[Bioclusters] Login & home directory strategies for PVM?

Mon Feb 7 04:14:12 EST 2005

On 6 Feb 2005, at 11:04 am, Tony Travis wrote:

> Hello, Tim.
>
> We only have a 'small' 64-node cluster here :-)
>
> However, I've opted to use BOBCAT architecture:
>
> 	http://www.epcc.ed.ac.uk/bobcat/
>
> Although the original EPCC BOBCAT no longer exists, it's spirit lives 
> on in our RRI/BioSS cluster:
>
> 	http://bobcat.rri.sari.ac.uk
>
> The important thing is to have TWO completely separate private network 
> fabrics: One for DHCP/NFS, the other for IPC. The main problem we have 
> is that IPC (i.e. Inter Process Communication) can swamp the bandwidth 
> of a single network fabric and you rapidly lose control of the 
> cluster.

We don't have any IPC.  We don't run any parallel code.  Each job runs 
on a single CPU.  And NFS *still* causes problems, occasionally.  It 
really isn't a myth at this scale.  It's unusable.  For example, we 
have to make separate copies of the LSF binaries on all of the 
machines, because to do it the Platform-endorsed way, with everything 
NFS mounted, is a bit flakey.  The NFS contention from LSF's house 
keeping alone can be enough to break the cluster.

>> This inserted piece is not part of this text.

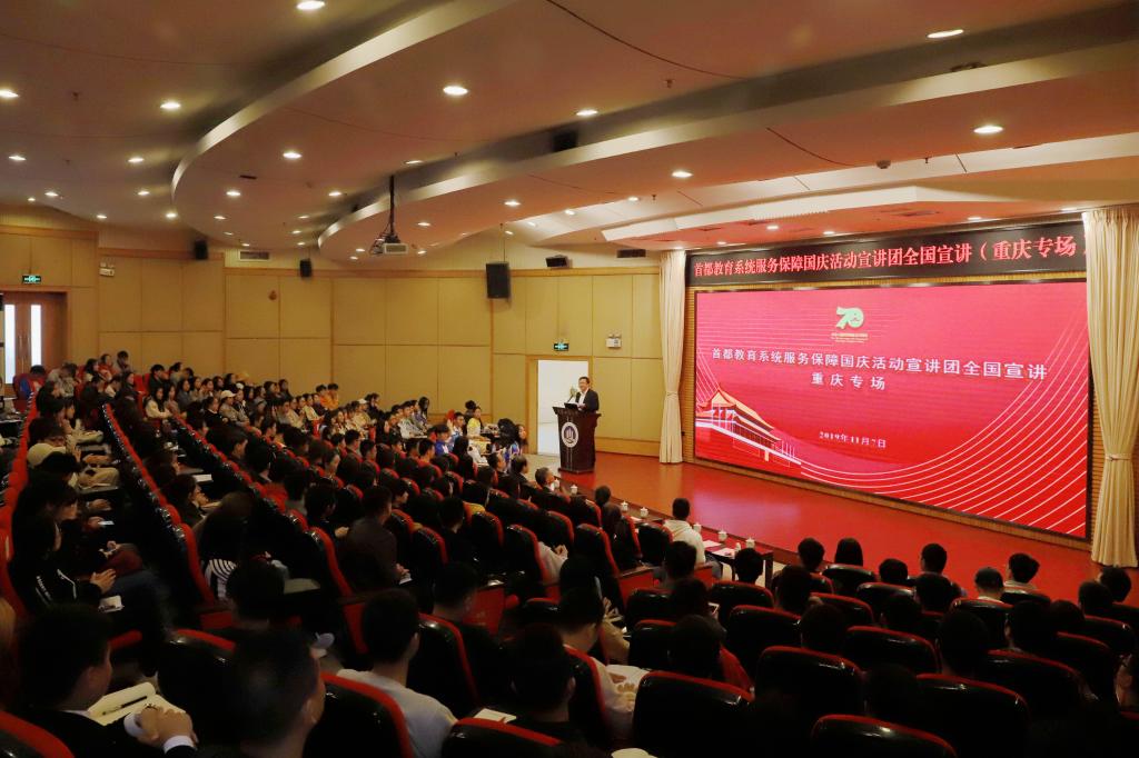 当前位置: 首页 >> 学工新闻 >> 正文 首都教育系统服务保障国庆活动宣讲团来我校宣讲 时间:2019年11月11日 11:07 作者: 文/钱洁、张羽飞 图/冉汀、缪雨珈 今年国庆节,首都教育系统组织了9.6万余名师生积极参与各项工作,为庆祝新中国成立70周年大会做出了贡献。教育部、北京市委签署嘉奖令,对参与国庆70周年活动服务保障工作的全体师生予以通报嘉奖,并遴选优秀师生代表组建了30个首都教育系统服务保障国庆活动宣讲团,奔赴全国高校开展宣讲。 11月7日下午,由中国地质大学(北京)、北方工业大学师生代表组成的首都教育系统服务保障国庆活动宣讲团走进我校,在博智楼7200报告厅开展集中宣讲活动。来自重庆邮电大学、重庆交通大学、太阳成tyc7111cc、重庆第二师范学院、重庆建筑工程职业学院的300余名师生代表参加了本次宣讲会。 我校陈运超副校长首先代表学校对宣讲团一行的到来表示最热烈的欢迎和最衷心的感谢。他高度赞扬了参与服务保障的首都师生的奉献精神和做出的贡献,希望全体师生学习传播国庆庆祝活动留下的宝贵精神财富,以首都师生为榜样,以更加优异的成绩为实现中华民族伟大复兴的中国梦奉献智慧和力量。 在接下来一个多小时的宣讲环节,宣讲团的江泠睿、吕慧敏、邢林慧子、付潼、祖力哈亚提·艾力、卢一狄6名老师和同学依次上台为现场师生分享他们在亲历国庆盛典现场那一刻的深切感受。 北方工业大学2018级本科生江泠睿,是群众游行“中华儿女”方阵第 9 中队队员。她以“必须完成任务”为题,讲述了她在父亲这名退伍老兵的影响下,毫不犹豫报名参加游行活动,并努力克服自己身体素质弱等困难,咬牙坚持训练,最终出色地完成了游行任务。 中国地质大学(北京)辅导员吕慧敏,担任群众游行“圆梦奥运”方阵第 12 中队中队长,她与队员们一路同行,开展思想政治教育、关注学生健康成长、带领队伍集散训练,保证队员始终如一的昂扬姿态,实现全队 0 缺勤。她形容参与此次活动就是一次“青春的记忆,生动的课堂”,她将不忘立德树人的初心和使命,持续推动爱国主义教育走深走实,让同学们在最好的年华里收获的不仅是激动一阵子的青春记忆,更是铭记一辈子的心灵成长。 中国地质大学(北京)2018级本科生邢林慧子,是群众游行“圆梦奥运”方阵第 2 中队小教员。她在宣讲中讲到,两个月的训练,她们看过升起的朝阳,挤过深夜的地铁,睡过凌晨的长安街,感受过正午的酷暑,也体验过寒风的刺骨,一切的付出,都是为了走过天安门的那一刻。虽然只是方阵中小小的一员,但亲眼见证着祖国军事力量的强大,亲身经历了两个月的训练到最后走上长安街接受全国人民的检阅,一切付出都值得! 北方工业大学2017级本科生付潼,是一名彩车展览展示志愿者。他们虽然没有在国庆当天出现在天安门广场,没有护送这些彩车走过长安街,但在展览展示期间,彩车志愿者连续 8 天,累计志愿时长 7800 余小时,从日出到日落,在诺大的展览场地,他们已然成为 34 辆主题彩车的守护者。 北方工业大学2017级本科生祖力哈亚提·艾力,是群众联欢“健康中国”板块中的一员,她作为一名来自南疆边陲的维吾尔族学生,不仅自己带病坚持参与联欢活动训练,还带动身边同学认真训练、毫不懈怠,在国庆当天向祖国和人民完美展示。她动情地说,参加此次活动让她更加深刻地体会到,每一个人的小生活、小努力和小坚持,都与中华民族伟大复兴的大历史是那样地紧密相连;更加明白习近平总书记所说的“各个民族要像石榴籽那样紧紧抱在一起”这句话的真正含义;更加深刻理解只有把小我融入到大我中,中华民族这棵大树才能枝繁叶茂。 中国地质大学(北京)2018级本科生卢一狄,是群众游行“圆梦奥运”方阵第 12 中队队员。作为家族中第三代参与国庆群众游行活动的他,在前期训练中全情投入,积极训练,在十月一日当天带着自豪感和使命感走过天安门广场,开启为国奉献的新征程。 市委教育工委、市教委宣教处处长吴边主持宣讲会并讲话。他对宣讲团成员致以诚挚的敬意和衷心的感谢。他号召新时代青年将小我融入大我,昂扬向上,奋发有为,矢志为中华民族的伟大复兴而努力奋斗,争做中国特色社会主义事业的合格建设者和可靠接班人。他希望全体师生深入学习首都师生集中展示的爱国主义精神、责任担当精神和不畏艰难精神,铸牢爱国之情,立好强国之志,践履报国之行;希望全体师生要坚持以习近平新时代中国特色社会主义思想为指导,深入学习和贯彻习近平总书记国庆系列重要讲话精神,“不忘初心,牢记使命”,进一步增强“四个意识”、坚定“四个自信”、做到“两个维护”,切实把庆祝活动形成的宝贵精神财富更好转化为立德树人、教育报国的实际行动,努力培养担当民族复兴大任的时代新人,共同为实现“两个一百年”奋斗目标和中华民族伟大复兴的中国梦而不懈奋斗。 会计学院辅导员王婷老师表示,聆听完宣讲团师生与家国情怀的同频共振的故事,被他们炽热浓烈的“中国心”“中国情”深深打动。青年一代的理想信念、精神状态、综合素质,是一个国家发展活力的重要体现,也是一个国家核心竞争力的重要因素。他们让我看到千千万万矗立时代潮头的青年学生们,将青春梦融入中国梦,让青春因为奉献而厚重因为奋斗而精彩。2019级经济与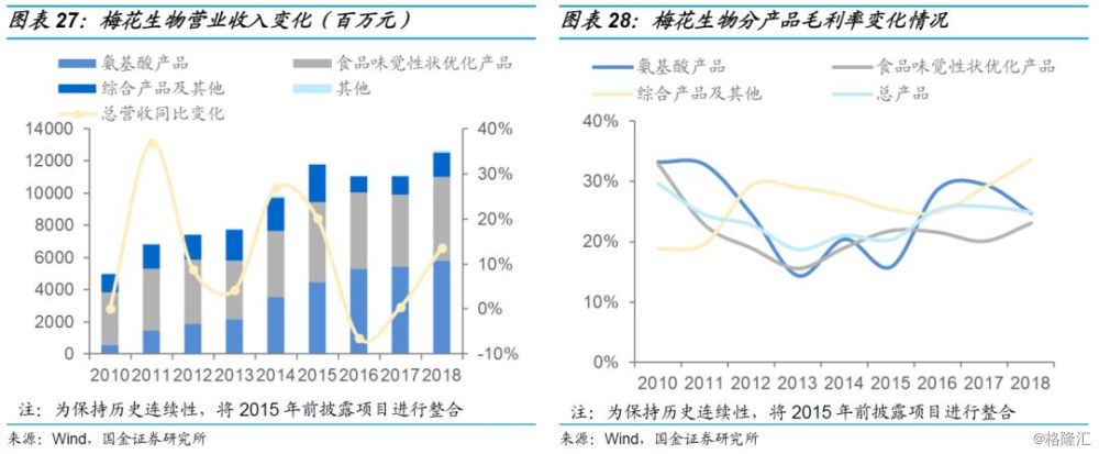 梅花生物基础夯实,发展稳健。公司主要布局氨基酸、调味类产品以及其他综合业务,收益于I+G产品价格提升,抵消了其他产品价格下滑带来的影响,氨基酸业务相对稳定,而公司作为第二大味精供应商,公司受益于行业污染治理带来的供给侧结构优化,目前味精行业库存相对较低,产品价格持续增长,公司味精生产稳定,产品盈利提升将大幅带动公司盈利增长。

I suspect if you're running large parallel jobs, then the number of NFS 
operations involved is relatively low.  The issue for us is sometimes 
hundreds of jobs completing every minute, all trying to read some data 
files and then create three or four output files on an NFS mounted 
disk.  That's a lot of separate NFS operations, a large proportion of 
which are the particularly painful directory operations.  I plead with 
the users not to write code like this, but you know what users are 
like.

> I think there are some MYTHS about NFS and clusters around because of 
> the bandwidth contention on a single network fabric. The NFS network 
> traffic on our cluster is completely segregated from the IPC traffic 
> which is throttled by the bandwidth of its own network fabric. The 
> switches on the two network fabrics are NOT connected in any way...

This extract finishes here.